Try to find the solution of the functional equation $$f(x+y)=\frac{f(x)+f(y)}{1-4f(x)f(y)}$$ with $f'(1)=1/2$.

Answer 1

I am solving it with the assumption that $f'(0)=1/2$ and $f$ is continuously differentiable in an open neighbourhood containing $0$.
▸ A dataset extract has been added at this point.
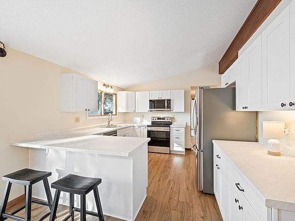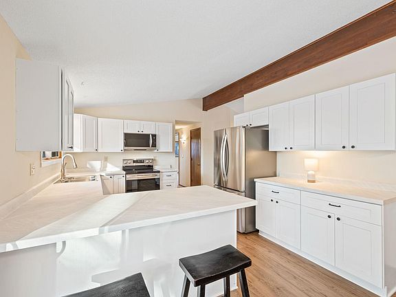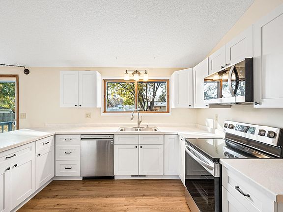 Beautifully remodeled 3 bed, 2 bath split level home nestled in mature cul-de-sac. Home features vaulted main level, brand new white kitchen w/soft close cabinets, all new SS appliances, updated lighting and new flooring throughout. Main level has 2 bedrooms and updated full bath. Lower level is finished w/family room w/woodburning fireplace, bedroom, 3/4 bath, and access to garage. Quiet backyard to relax and play, 10'x20' shed for extra storage. Home has brand new furnace, A/C, water heater and water softener. Move in ready and perfectly located in the heart of Buffalo.

First, we observe that $f(0)=0$.

Then, $$ \frac{f(x+h)-f(x)}{h}=\frac{\frac{f(x)+f(h)}{1-4f(x)f(h)}-f(x)}{h} =\frac{f(x)+f(h)-f(x)+4f(h)f^2(x)}{h\big(1-4f(h)f(x)\big)} =\frac{f(h)\big((1+4f^2(x)\big)}{h\big(1-4f(h)f(x)\big)}\to f'(0)\big(1+4f^2(x)\big)=\frac{1}{2}\big(1+4f^2(x)\big). $$ Hence, $f$ satisfies the IVP $$ f'(x)=\frac{1}{2}\big(1+4f^2(x)\big), \quad f(0)=0. $$ Hence $$ \frac{d}{dx}\arctan\big(2f(x)\big)=\frac{2f'(x)}{1+4f^2(x)}=1. $$ Thus $\arctan\big(2f(x)\big)=x+c$, for some $c\in\mathbb R$, and thus $f(x)=\frac{1}{2}\tan (x+c)$. The initial data $f(0)=0$ forces $c=0$. Thus $f(x)=\frac{1}{2}\tan x$.
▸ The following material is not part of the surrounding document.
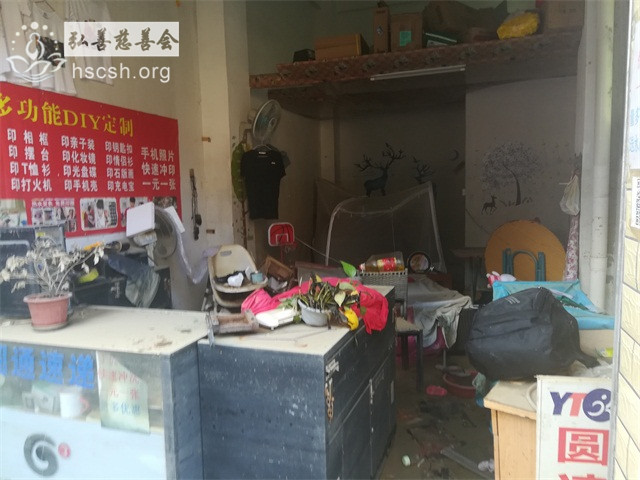 抵达谷饶张某的店里,消毒片将在这里分发给灾区同胞

Note. If $f'(1)=1/2$ is not a mistype in the OP, then we obtain instead that $$ f(x)=\frac{1}{2}\tan\big(2f'(0)x\big), $$ and $$ \frac{1}{2}=f'(1)=\frac{1}{2}\cdot 2f'(0)\cdot\frac{1}{\cos^2\big(2f'(0)\big)}, $$ and thus $2f'(0)= \cos^2\big(2f'(0)\big)$. Now the equation $x=\cos^2(x)$, has a unique solution $s_0\approx 0.6417$ and thus $$ f(x)=\frac{1}{2}\tan\big(s_0x\big). $$

Answer 2

Define $g(x)=\arctan (2f(x))$ so $f(x)=\frac{1}{2}\tan g(x)$ and $$\tan g(x+y)=\frac{\tan g(x) + \tan g(y)}{1-\tan g(x) tan g(y)}=\tan (g(x)+g(y)).\quad(*)$$ Thus $$g(x+y)=g(x)+g(y)+\Pi(x,\,y),\quad(**)$$ where $\Pi(x,\,y)$ is a function with range $\subseteq \pi\mathbb{Z}$. Thus $g'(x+y)=g'(x)+g'(y)+\frac{\partial \Pi}{\partial x}$, where for the last term to be well-defined requires $\Pi$ to be constant for fixed $y$. A similar argument with $y$-derivatives shows $\Pi$ is constant; taking $x=y=0$ in $(**)$ gives $g(0)=-\Pi$. Since $\Pi$ is constant, define $G:=g-\Pi$ so $G$ satisfies the Cauchy relation $G(x+y)=G(x)+G(y)$. The only solution is $G(x)=Kx$ with $K$ constant. (The axiom of choice implies other solutions to the Cauchy relation exist, but they preclude f(0) being well-defined.) Thus $0=G(0)=g(0)-\Pi=-2\Pi$ and $\Pi=0$. Then $1=2f'(0)=g'(0) \sec^2 g(0)=K$ and $f(x)=\frac{1}{2}\tan x$.

Answer 3

HINT: Notice that the equation is equivalent to $$2 f(x+y) = \frac{2 f(x) + 2 f(y)} { 1 - (2 f(x)) \cdot (2 f(y))}$$

while we know that $$\tan(a(x+y)) = \frac{\tan(ax) + \tan(ay)}{1 - \tan(a x) \cdot \tan(a y)}$$

so we might just have $2 f(x) \equiv \tan a x$ for some convenient $a$.